The spectacular case, involving a 46-year-old officer who was so dedicated and had a career so brilliant fellow officers say he was being groomed for a promotion to lead the entire air force, has had so much publicity that its details could almost go without mention.

The Ontario Provincial Police charged Williams last month with the murder of two women who lived near the Canadian Forces base he commanded near Trenton, Ont. One of the women, 37-year-old  Cpl. Marie-France Comeau, was attached to the base when she was killed. The other woman, 27-year-old Jessica Lloyd, lived in a nearby town and disappeared on Jan. 29.

The OPP also charged Williams with two sexual assaults that occurred in nearby Tweed, Ont., last fall. Lloyd and the two women who were sexually assaulted lived on the same street in the town, Cozy Cove Lane, where Williams and his wife, a prominent health

foundation executive who lived primarily in Ottawa, also had a residence. The OPP have said they are looking at unsolved murder cases in other regions where Williams has been posted, and that investigation
continues.

The details of police events that led to the charges against Williams erupted on newspaper front pages, television broadcasts, Internet news pages, and Twitter soon after his arrest, but a Globe and Mail column by Christie Blatchford contained extraordinary accounts of what went on behind the scenes.

She quoted “sources” to say Williams had given police a “lengthy and wide-ranging statement” about the murders and that he allegedly led police to Lloyd’s body and disclosed details about the sexual assaults and other forced entries that Blatchford termed “lingerie break-ins.”

The column named one detective as the “key officer” in the interview room and, this time attributing the information to “those close to the investigation,” went on to describe the manner in which Williams allegedly gave his statement.

Edelson won’t comment on the case but, in an interview with Law Times, describes the passion for criminal law that has led him to become one of Ottawa’s best-known lawyers on whom some of the most high-profile characters in the city have depended.

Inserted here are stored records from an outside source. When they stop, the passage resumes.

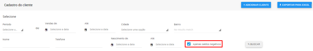 4. Marque o flag de 'Apenas saldos negativos' conforme exemplo abaixo: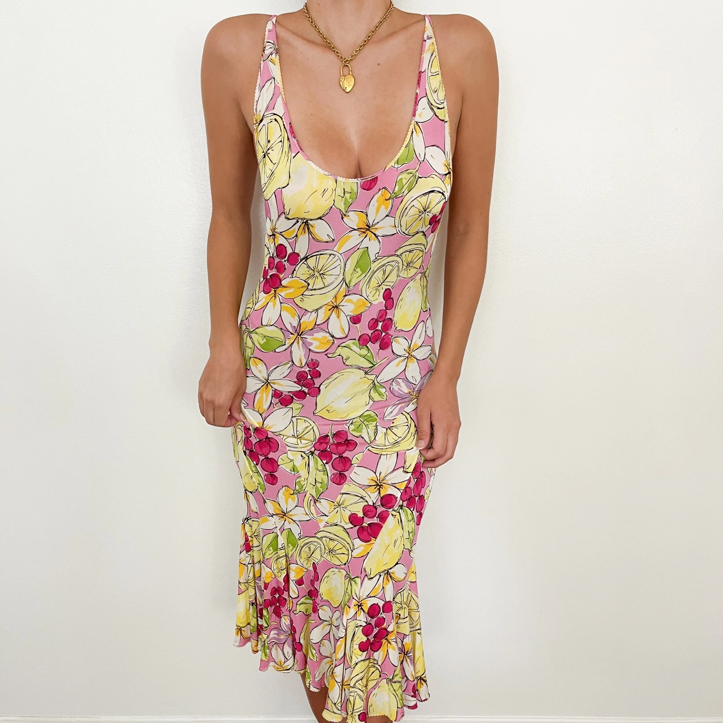 Blumarine Vintage Fruity & Floral Print Dress (Medium)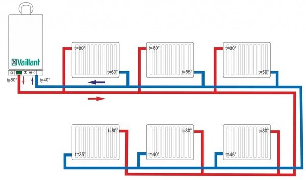 Несъмнено предимство на такава отоплителна система е малкият брой тръби в нея. И минус е температурната разлика между първото отоплително устройство от котела и последното. Този проблем може да бъде отстранен с помощта на циркулационна помпа, която ще стане много по-бърза да изхвърли цялата вода през системата и захранването с топлина и по този начин топлоносителят няма да има време да намали температурата.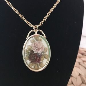 Vintage Victorian Style Rose Pendant Necklace

“What I can tell you is most days there are few things that I would find more interesting. It’s because of the human drama element: people at their best, people at their worst,” says Edelson, who along with another law student began his career in criminal law by founding a legal aid program at the University of Ottawa in the 1970s.

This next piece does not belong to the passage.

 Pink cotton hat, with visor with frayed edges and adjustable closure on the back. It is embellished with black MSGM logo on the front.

The list of Edelson’s high-profile clients is long. It includes Ottawa Mayor Larry O’Brien, acquitted last year of influence-peddling charges stemming from his mayoral election; Margaret Trudeau, whom Edelson represented when a trial judge and later an Ontario Court of Appeal judge tossed out impaired driving charges she faced; Michael Cowpland, the former high-flying head of the Corel Corp. software firm who once faced insider-trading charges; and Maher Arar, whom Edelson represented when the RCMP first sought to interview him on what a commission of inquiry later ruled was unfounded suspicion of terrorism activity.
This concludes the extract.